* _TASK TO COMPLETE_
When you reach the line that contains "Укажи, какие приставки", please begin copying, and carry on exactly to the last line of the material, leaving out every picture.

* _DATA PROVIDED_
__________________________________________________
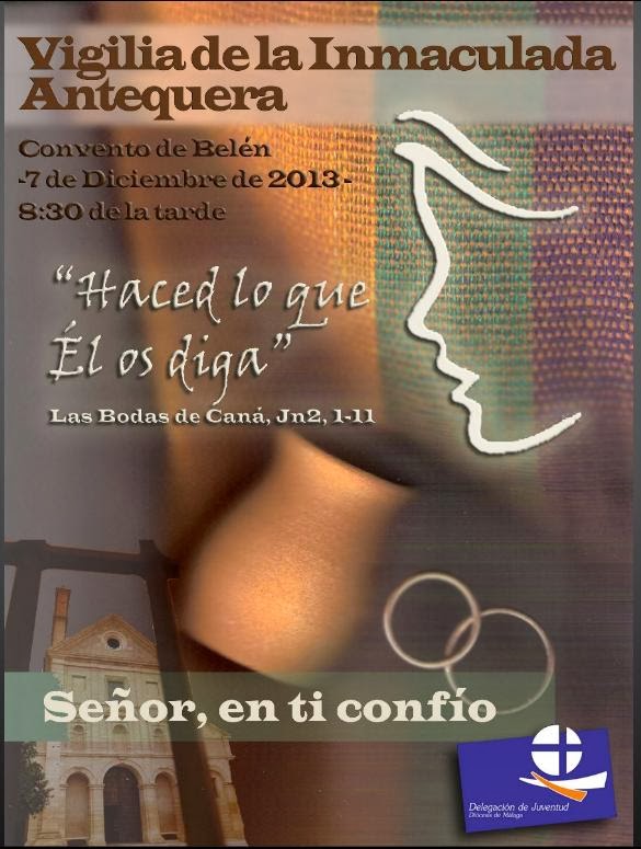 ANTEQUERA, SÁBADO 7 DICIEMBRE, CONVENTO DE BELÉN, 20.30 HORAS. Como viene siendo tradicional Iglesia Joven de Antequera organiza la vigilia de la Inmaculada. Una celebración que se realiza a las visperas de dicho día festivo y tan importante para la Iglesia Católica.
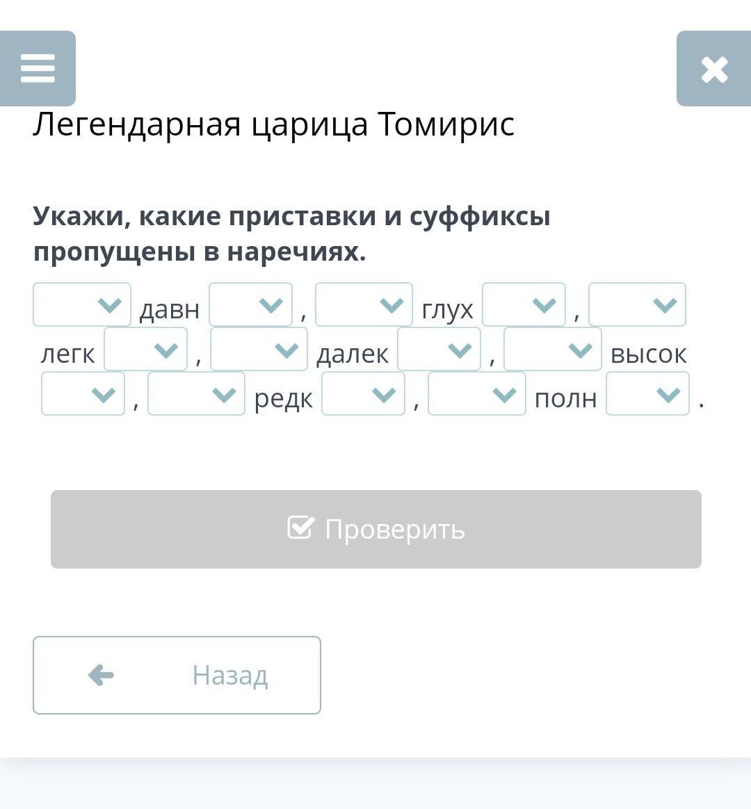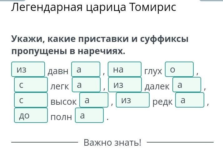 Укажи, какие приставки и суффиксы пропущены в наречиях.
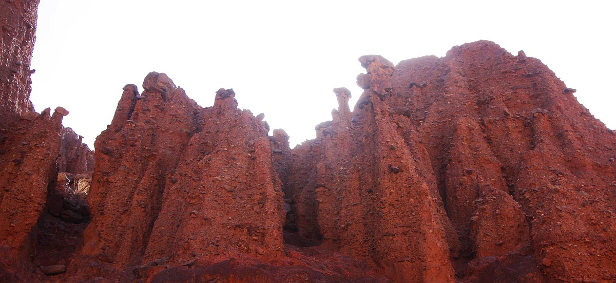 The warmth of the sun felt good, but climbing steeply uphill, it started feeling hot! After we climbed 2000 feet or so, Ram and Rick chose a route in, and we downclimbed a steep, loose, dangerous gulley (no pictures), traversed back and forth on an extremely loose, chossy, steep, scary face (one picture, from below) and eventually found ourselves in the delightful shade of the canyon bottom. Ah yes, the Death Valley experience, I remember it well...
__________________________________________________
* _COMPLETED TASK_
 Укажи, какие приставки и суффиксы пропущены в наречиях.
 The warmth of the sun felt good, but climbing steeply uphill, it started feeling hot! After we climbed 2000 feet or so, Ram and Rick chose a route in, and we downclimbed a steep, loose, dangerous gulley (no pictures), traversed back and forth on an extremely loose, chossy, steep, scary face (one picture, from below) and eventually found ourselves in the delightful shade of the canyon bottom. Ah yes, the Death Valley experience, I remember it well...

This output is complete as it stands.